## Your objective:
Give back exactly the lines starting at the one with "院长王池社以《青春之我,筑科" and ending at the last line of the data below. Pictures are not part of the copy.

## Given records:
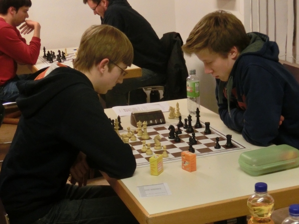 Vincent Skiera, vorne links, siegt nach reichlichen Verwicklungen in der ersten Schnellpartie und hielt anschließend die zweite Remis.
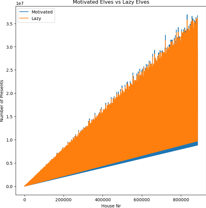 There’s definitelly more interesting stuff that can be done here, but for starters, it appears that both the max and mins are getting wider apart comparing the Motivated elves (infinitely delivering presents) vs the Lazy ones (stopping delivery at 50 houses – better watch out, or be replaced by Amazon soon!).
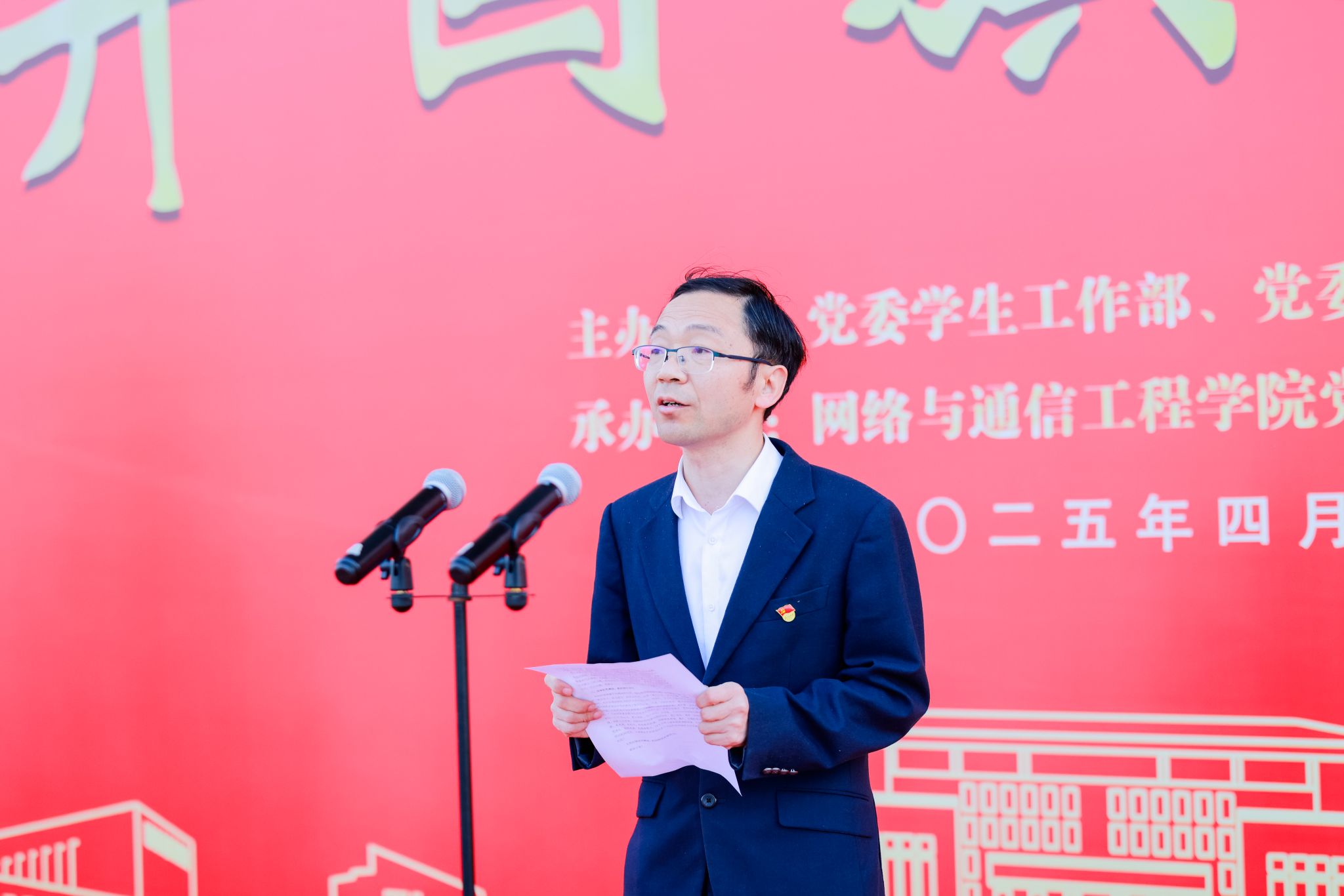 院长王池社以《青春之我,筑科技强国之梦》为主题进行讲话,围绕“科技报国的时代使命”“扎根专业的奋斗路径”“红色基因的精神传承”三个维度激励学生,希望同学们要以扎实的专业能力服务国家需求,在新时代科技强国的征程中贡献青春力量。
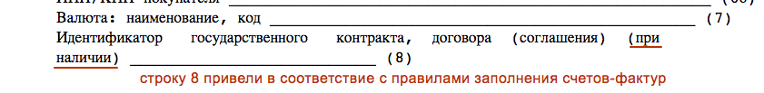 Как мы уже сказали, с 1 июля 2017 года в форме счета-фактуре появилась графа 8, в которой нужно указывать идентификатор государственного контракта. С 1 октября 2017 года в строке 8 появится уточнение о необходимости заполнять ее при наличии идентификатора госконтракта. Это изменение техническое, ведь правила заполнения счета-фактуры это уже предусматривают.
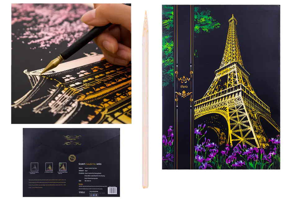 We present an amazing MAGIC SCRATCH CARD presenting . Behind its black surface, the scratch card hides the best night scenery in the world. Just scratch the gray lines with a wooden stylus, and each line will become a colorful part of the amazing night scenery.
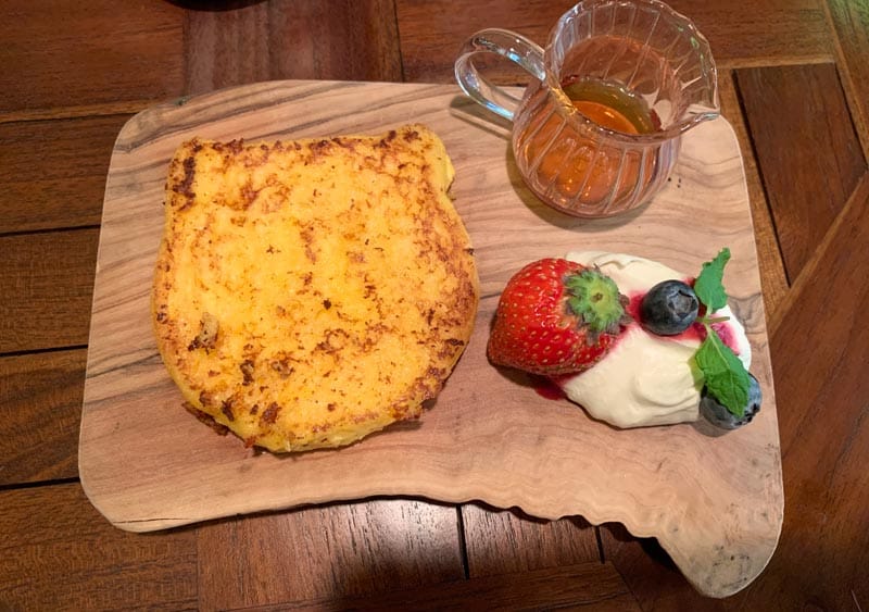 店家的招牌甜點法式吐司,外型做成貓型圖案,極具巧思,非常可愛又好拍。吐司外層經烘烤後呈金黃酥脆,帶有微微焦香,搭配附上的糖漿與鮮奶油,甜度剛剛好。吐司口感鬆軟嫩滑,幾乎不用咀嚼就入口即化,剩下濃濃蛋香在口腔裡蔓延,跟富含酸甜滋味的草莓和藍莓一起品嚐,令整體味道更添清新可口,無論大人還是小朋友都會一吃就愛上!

## Result of the exercise:
 院长王池社以《青春之我,筑科技强国之梦》为主题进行讲话,围绕“科技报国的时代使命”“扎根专业的奋斗路径”“红色基因的精神传承”三个维度激励学生,希望同学们要以扎实的专业能力服务国家需求,在新时代科技强国的征程中贡献青春力量。
 Как мы уже сказали, с 1 июля 2017 года в форме счета-фактуре появилась графа 8, в которой нужно указывать идентификатор государственного контракта. С 1 октября 2017 года в строке 8 появится уточнение о необходимости заполнять ее при наличии идентификатора госконтракта. Это изменение техническое, ведь правила заполнения счета-фактуры это уже предусматривают.
 We present an amazing MAGIC SCRATCH CARD presenting . Behind its black surface, the scratch card hides the best night scenery in the world. Just scratch the gray lines with a wooden stylus, and each line will become a colorful part of the amazing night scenery.
 店家的招牌甜點法式吐司,外型做成貓型圖案,極具巧思,非常可愛又好拍。吐司外層經烘烤後呈金黃酥脆,帶有微微焦香,搭配附上的糖漿與鮮奶油,甜度剛剛好。吐司口感鬆軟嫩滑,幾乎不用咀嚼就入口即化,剩下濃濃蛋香在口腔裡蔓延,跟富含酸甜滋味的草莓和藍莓一起品嚐,令整體味道更添清新可口,無論大人還是小朋友都會一吃就愛上!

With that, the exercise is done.